Duke University Press provided the capital for the start-up of the service. We were able to constrain those costs because we built on existing strategic technology partnerships, the setups we already have in those systems, and the expertise we have in-house. Operationally, the Collective is an extension of Duke University Press. There’s minimal variation from how DUP manages its own fulfillment and online journals. The press’s digital content and platform, content marketing, library sales, customer relations, and finance teams all work on the Collective.
The launch required huge effort; it was all-hands-ondeck at the press to get to launch. We had to make it a top priority for the organization and push lower priorities to the side. Now that we are moving into more typical, ongoing operations, we’re assessing how best to staff the effort so that the Collective partners are well-supported and the workload for us is sustainable.
The Collective is funded through fees paid by the members for the services they utilize. The Collective is not an aggregation, so it does not make money from sales of an aggregated product. Nor are we a traditional sales or subscription agent; we don’t collect commission on the subscriptions we take and administer.
ATG: What are the current goals of the Scholarly Publishing Collective? What about goals for the future? Is the Collective planning to grow in membership? Will more services be offered?
AB: Short-term, our goal is to tie up the loose ends of such a massive content and data migration and establish “business as usual” operations across the whole endeavor. We want to meet and exceed the expectations of library partners and their communities for all the critical aspects of serving digital content. The new publisher collections on offer from three of the Collective members are part of meeting that goal. They make it convenient and very cost-effective for libraries to discover, acquire, and administer a lot of high-quality HSS scholarship from publishers who align with their values and exist within the academy.
We do want the Collective to grow and add members, because we want as many independent, non-profit journal publishers as possible to contribute to and benefit from the economies of scale we are building. At the same time, we want to manage growth in a way that ensures we deliver the quality of service every Collective member and every library customer deserves. I see opportunities for adding services that, like what we offer now, provide enabling infrastructure and expertise for scholarly journal publishing.

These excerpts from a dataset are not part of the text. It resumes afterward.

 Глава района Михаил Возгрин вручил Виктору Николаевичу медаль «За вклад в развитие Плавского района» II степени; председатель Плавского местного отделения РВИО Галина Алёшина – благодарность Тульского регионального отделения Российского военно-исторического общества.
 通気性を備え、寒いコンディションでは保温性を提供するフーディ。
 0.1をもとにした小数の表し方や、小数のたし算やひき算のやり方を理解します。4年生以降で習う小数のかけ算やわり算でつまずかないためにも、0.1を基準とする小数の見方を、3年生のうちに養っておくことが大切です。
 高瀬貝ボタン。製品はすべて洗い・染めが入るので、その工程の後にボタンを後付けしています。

ATG: Allison, we all need to recharge our batteries now and then, so we were wondering, what fun things do you like to do during your time away from work. Are there any hobbies or leisure activities that you particularly enjoy?

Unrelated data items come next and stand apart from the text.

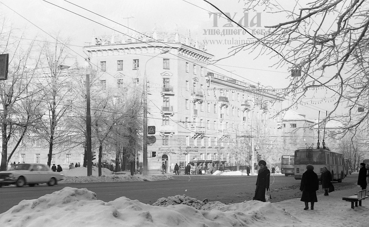 Еще исторические фотографии Тулы от проекта "Тула ушедшего века". На этот раз от декабря 1988 года. Фотографии сделаны Эдуардом Маршаловым. На снимках главная артерия города - проспект Ленина. Для мен эти снимки интересны тем, что это уже Тула, которая я застал. В 1988 году я еще не жил в городе, а наслаждался видами Моравской Силезии, но летом после перерыва в несколько лет мы ездили в "отпуск", в основном мы были в городе Пущино Московской области, но раз-два в течение примерно месяца на несколько дней приезжали в Тулу. Именно летом 1988 года я впервые увидел в Туле чешские трамваи Т-3М (Т-6В5) и даже прокатился на них. Разумеется, через проспект Ленина я и проезжал, да и не мог не бывать на нем в дни, когда гостил в Туле. От моих воспоминаний перейдем к фотографиям. 1. Проспект Ленина в районе ул. Первомайской. На противоположной стороне через дорогу располагался магазин "Нива", который виден на снимке. Кроме того, можно обратить на окружающий антураж - светофоры, лавочки на оста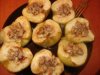 2.Из яблок осторожно вынуть сердцевину, стараясь не нарушить целостность плодов. Начинить их изюмом и положить в форму смазанную жиром.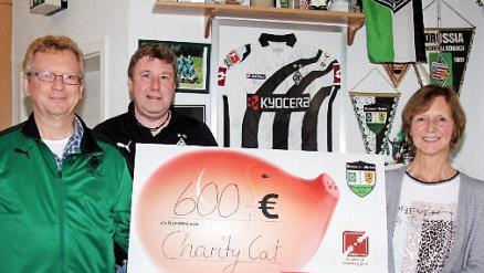 Der Aurachtaler Stephan Weiland, Puma-Mitarbeiter und Gründungsmitglied sowie Kassier von "Borussen Mythos" ist auch Mitglied bei Charity Cat und hatte nicht nur die Spende mitgebracht, sondern auch den Verwendungszweck. So spendet Charity Cat jährlich bereits über 4200 Euro an den Sozialtreff Erlangen, und der Erlös aus einer Versteigerung von Fan-Artikeln von Borussia Mönchengladbach in Höhe von 600 Euro geht ebenfalls an die Erlanger Organisation.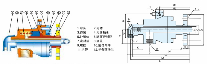 2、拆卸;取下后,我们要进行拆卸蒸汽旋转接头,应当注意保证内部零件的处于原始的状态,以便分析泄漏的原因,尤其在打开端盖取出弹簧时要注意安全,部分使用久的接头可能因为锈蚀严重而无法拆开;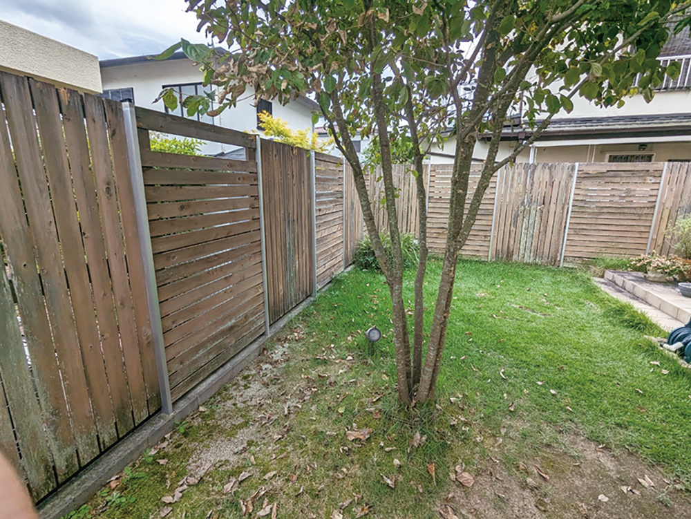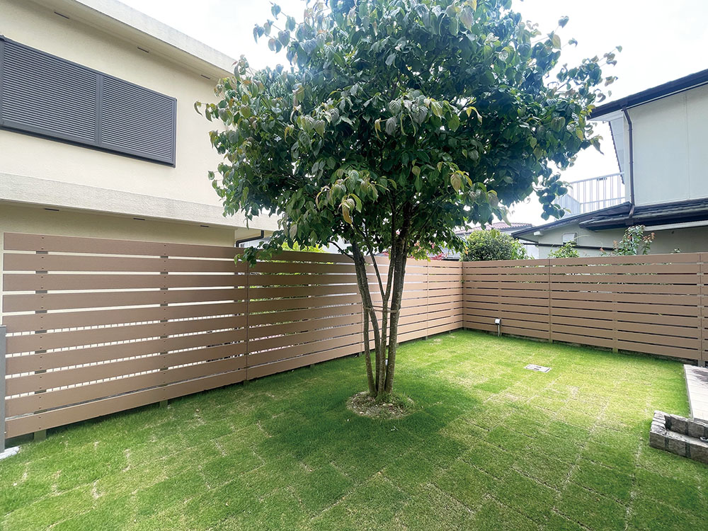 朽ちてしまった木製のフェンスはメンテナンスフリーの人工木板塀エコモックオリジナル145を使用し、すき間を25ミリの10段にやり替えました。

AB: For me, it’s all about food and travel. My partner and I cook most nights. On the weekends, we make all-day events out of planning, shopping for, and cooking something special. The center of my Saturdays is going to the Durham Farmer’s Market and grabbing all the best in-season stuff while chatting with the vendors. Travel is just an extension of food for me, because I pick most of my destinations based on the cuisine I’ll get to try. The pandemic put a long, sad pause on all travel, of course. I’m still not clamoring to hop on a plane, but I am satisfying my wanderlust by compiling lists of places to go when it feels manageable again. I’ve been very fortunate to visit some truly incredible places, my favorites being Vietnam and, just before COVID, Kenya.